(Beginning of Data to use)

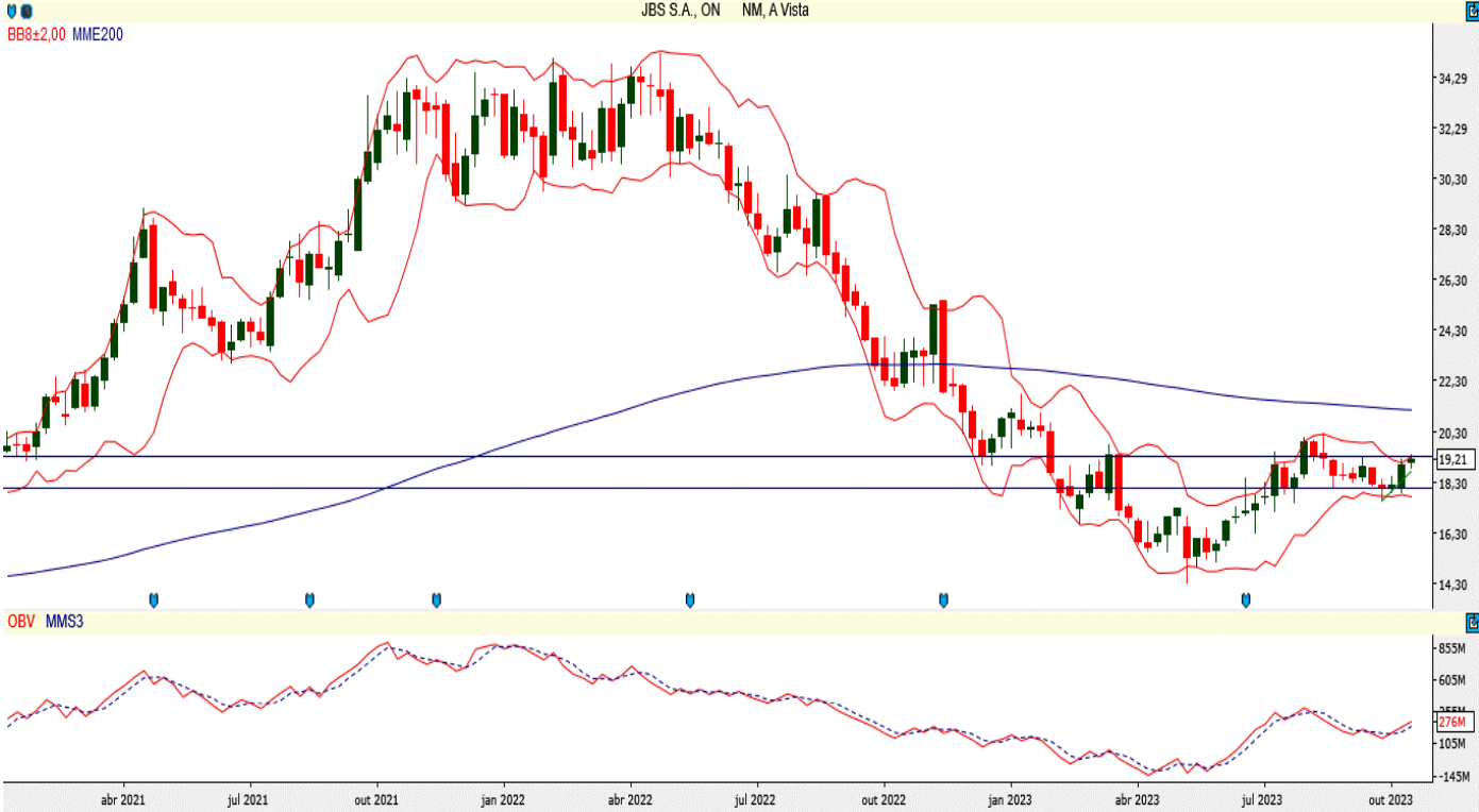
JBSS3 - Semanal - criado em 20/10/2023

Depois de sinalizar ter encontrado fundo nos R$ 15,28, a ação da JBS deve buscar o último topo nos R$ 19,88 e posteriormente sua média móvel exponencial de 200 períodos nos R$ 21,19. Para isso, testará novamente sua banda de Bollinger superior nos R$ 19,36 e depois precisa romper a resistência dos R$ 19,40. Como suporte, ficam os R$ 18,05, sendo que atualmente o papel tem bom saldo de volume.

(End of Data to use)
(Beginning of Data to use)

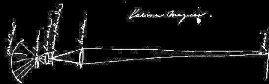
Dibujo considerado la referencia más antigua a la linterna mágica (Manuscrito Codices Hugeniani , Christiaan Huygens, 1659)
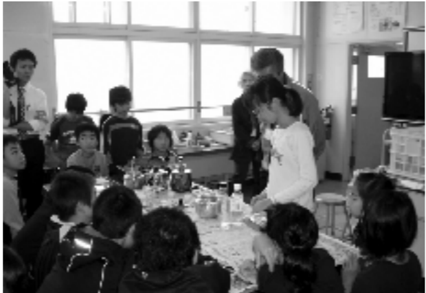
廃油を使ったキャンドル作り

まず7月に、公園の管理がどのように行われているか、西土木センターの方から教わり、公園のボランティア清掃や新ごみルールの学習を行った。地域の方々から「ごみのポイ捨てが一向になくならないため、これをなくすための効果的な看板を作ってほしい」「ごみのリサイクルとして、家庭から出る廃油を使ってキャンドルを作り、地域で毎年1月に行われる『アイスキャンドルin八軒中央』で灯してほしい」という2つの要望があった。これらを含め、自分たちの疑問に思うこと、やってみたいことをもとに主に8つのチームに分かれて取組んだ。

(End of Data to use)
(Beginning of Data to use)

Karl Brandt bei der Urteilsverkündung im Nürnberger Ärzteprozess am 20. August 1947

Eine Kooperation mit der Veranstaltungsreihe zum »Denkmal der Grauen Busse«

(End of Data to use)

▸ **Required work**
There is a line with "JBSS3 - Semanal - criado em 20/10/2023" and a line with "Depois de sinalizar" above. Copy exactly those two lines and all lines between them, with nothing else.

▸ **Answer**
JBSS3 - Semanal - criado em 20/10/2023

Depois de sinalizar ter encontrado fundo nos R$ 15,28, a ação da JBS deve buscar o último topo nos R$ 19,88 e posteriormente sua média móvel exponencial de 200 períodos nos R$ 21,19. Para isso, testará novamente sua banda de Bollinger superior nos R$ 19,36 e depois precisa romper a resistência dos R$ 19,40. Como suporte, ficam os R$ 18,05, sendo que atualmente o papel tem bom saldo de volume.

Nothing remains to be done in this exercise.